A successful world premiere was the icing on the Washington Ballet's cake last night, as the company launched its fall series at Lisner Auditorium in a burst of youthful glory.
Indeed, the company is riding high these days. Choo San Goh, the troupe's resident choreographer since 1976 and a prime cause of its ascendancy since then, was recently promoted from assistant to associate artistic director, in a year that will have embraced the premiere of his first full-length ballet ("Romeo and Juliet," for the Boston Ballet) and a coming guest staging for the Royal Danish Ballet. Two days after the Lisner series (which ends Saturday), the company leaves for a three-week tour of South America, the first of two, perhaps three, overseas jaunts in '84-85, including one to China.
As always, the passage of a year has brought arrivals and departures among the dancers. But the new lineup looks to be, at first blush, possibly the finest thus far, and the eight men -- half of them trained in artistic director Mary Day's school -- certainly constitute the best matched, strongest male contigent one can recall in Washington Ballet history. Among the seven newcomers to the troupe, several already appear to be outstanding, including Cynthia Anderson, formerly of the Joffrey Ballet; Sandra Fortune, for years the leading ballerina of the city's now inactive Capitol Ballet; William Batcheler, a staunch young man from the Australian Ballet; and Amy Bauer, the latest of the extravagantly promising ingenues Day never fails to come up with year after year.
The premiere was "A Night at the Ballet" by New York's modern dance-trained Matthew Diamond -- at 32, already racking up direction and choreography credits for the Olympics, for Hollywood, for network TV and for musical theater. The new piece is of that comparatively rare genre, comedy ballet -- a kind of Murphy's Law of the dance stage, with everything that possibly can going dizzily haywire.
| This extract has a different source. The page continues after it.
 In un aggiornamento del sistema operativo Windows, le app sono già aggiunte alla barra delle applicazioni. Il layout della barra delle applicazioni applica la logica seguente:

The comedy is rather on the broad side generally, but except for one miscalculated gambit it doesn't depend on slapstick -- the humor comes from the movement, and most of it is very skillfully and cleverly engineered. The choreographic substance, moreover, isn't as slender as it might appear; it takes really cultivated craftsmanship to mimic all those ballet cliche's (and this is Diamond's first essay in the idiom), accurately enough to register and at a fast enough clip to keep the comic rhythm from flagging.
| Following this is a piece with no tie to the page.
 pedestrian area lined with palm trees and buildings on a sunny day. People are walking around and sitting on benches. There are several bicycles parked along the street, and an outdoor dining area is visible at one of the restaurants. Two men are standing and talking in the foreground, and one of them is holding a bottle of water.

The music consists of three orchestral numbers by Emanuel Chabrier, and though the first is entitled "Danse Slave," somehow they all sound Spanish. The first movement begins with the four couples of the cast in a "here we are" exposition, the costumes with a touch of flamenco for the men and of "Don Quixote" for the women, including a rose blossom back of the ear. In short order the mishaps commence -- the ribbons on one of Lynn Cote's toe shoes come loose and start flailing around. When her partner Brian Jameson tosses the shoe offstage and it comes flying back from the wings, the audience knows what it's dealing with and laughter erupts, seldom to stop thereafter.
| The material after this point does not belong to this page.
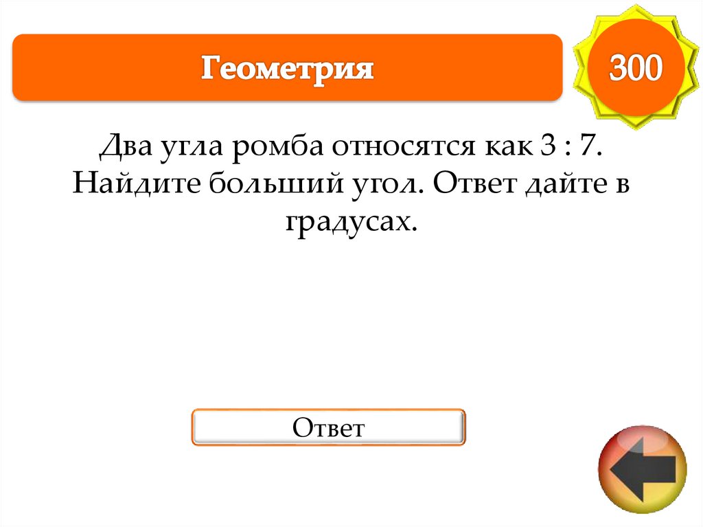 Два угла ромба относятся как 3 : 7.Найдите больший угол. Ответ дайте в

The second movement -- the most deft and original of the three, except for its overly blatant punch line -- has Elizabeth Guerin shyly in search of romance, and Batcheler as her distracted, reluctant prey, a sort of Prince Siegfried with a terminal case of wimpishness. The ballet is particularly apt as a showcase for its cast, and in the final movement, the other two couples -- Bauer, Dana Cronin, Thomas Terry and Robert Wallace -- get their turns in the limelight with a round-robin of collisions, tiffs and calamitous flirtations. "A Night at the Ballet" isn't the sort of piece you'd want to see more than once in a season, but it's decidedly a viable switch for the company repertoire.
Goh was represented by his 1978 "Double Contrasts," one of his technically most iridescent works, both reveling in and putting the spoof on voguish sophistication. The backdrop glitter has been exaggerated to excess, but the performance allowed Anderson, with her mock-hauteur and authority, to show just how polished and interesting a dancer she is; John Goding was her able partner, and Guerin and Batcheler were effectively contrasting as the couple in white.
Fortune and newcomer Greg Larson were smoothly paired in Charles Bennett's gymnastically intricate, amorous duet, "Albinoni Adagio." Vicente Nebrada's gaudy "A Handel Celebration," which opened the evening, was notable for solos by Cronin, Jameson and regal Julie Miles, as well as a ravishing duet for Bauer and Goding that underscored the former's poetic eloquence.
The evening's enigma was the size of the audience -- why a town like Washington can't fill Lisner for a company and a program such as this isn't easy to fathom.